The Vancouver Sun’s most influential columnist, Barbara Yaffe, is telling her readers to read my new book (co-authored with my good friends Jason Clemens and Niels Veldhuis), The Canadian Century: Moving Out of America’s Shadow.
To protect and grow its economy, Canada will have to cosy up more aggressively to Uncle Sam — even as this country moves to overtake the American behemoth on economic competitiveness.
That’s the intriguing message from three public-policy gurus writing in a newly published book sponsored by the MacDonald-Laurier Institute, a non-partisan Ontario-based think-tank.

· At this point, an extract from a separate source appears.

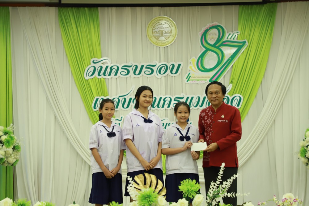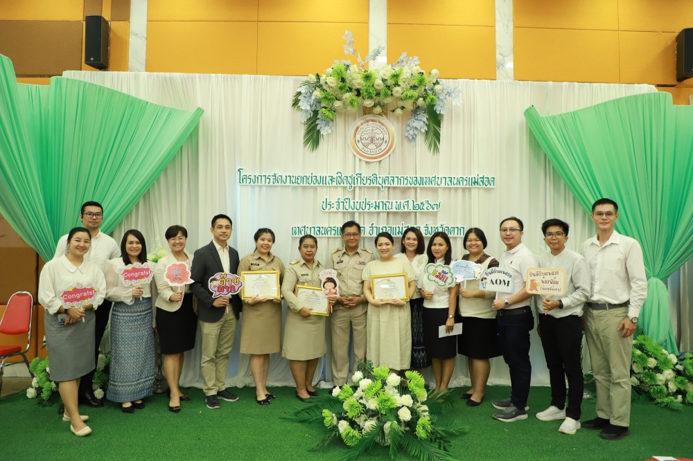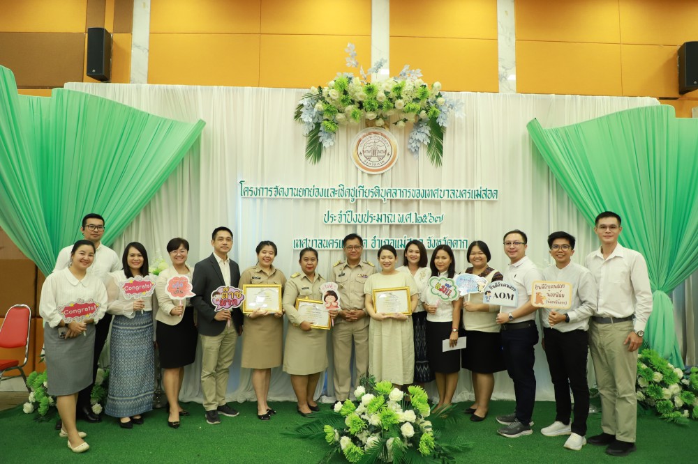 ว่าที่ร้อยตรี ประเสริฐ ปวงละคร นายกเทศมนตรีนครแม่สอด เป็นประธานเปิดฯ พร้อมด้วย คณะผู้บริหาร สมาชิกสภาเทศบาล หัวหน้าส่วนราชการ ข้าราชการ และพนักงานเทศบาลนครแม่สอด เข้าร่วมโครงการจัดงานยกย่องและเชิดชูเกียรติบุคลากรของเทศบาลนครแม่สอด พร้อมพิธีมอบรางวัลให้แก่นักกีฬาที่ได้รับเหรียญรางวัลการแข่งขันกีฬานักเรียนองค์กรปกครองส่วนท้องถิ่น ระดับประเทศ ปีงบประมาณ 2567 ณ จังหวัดร้อยเอ็ด มอบโล่รางวัลประกาศเกียรติคุณยกย่องและเชิดชูเกียรติบุคลากรของเทศบาลนครแม่สอด และโรงเรียนในสังกัดเทศบาลนครแม่สอด พร้อมฉายวิดีทัศน์ผู้ที่ได้รับโล่รางวัล พร้อมพิธีมอบโล่ประกาศเกียรติคุณแก่ผู้เกษียณอายุราชการ

The Canadian Century: Moving out of America’s Shadow, by Brian Lee Crowley, Jason Clemens and Niels Veldhuis, spotlights a “Redemptive Decade” — from 1988 to 1998 — of smart fiscal policy by the Mulroney Conservatives and Chretien Liberals, years that saw the introduction of free trade and the GST, cuts to public spending and an overhaul of entitlement programs such as welfare and pensions.
The U.S. has done none of this work and, as a result, today Canada is poised to “find itself without peer in North America as a magnet for investment, for immigrants, for innovation and for growth.”
We’re in a position, the authors assert, to start offering lower tax rates than the U.S., a significant change from the past, when the U.S., with a smaller government and lower taxes, was always the more appealing place to invest.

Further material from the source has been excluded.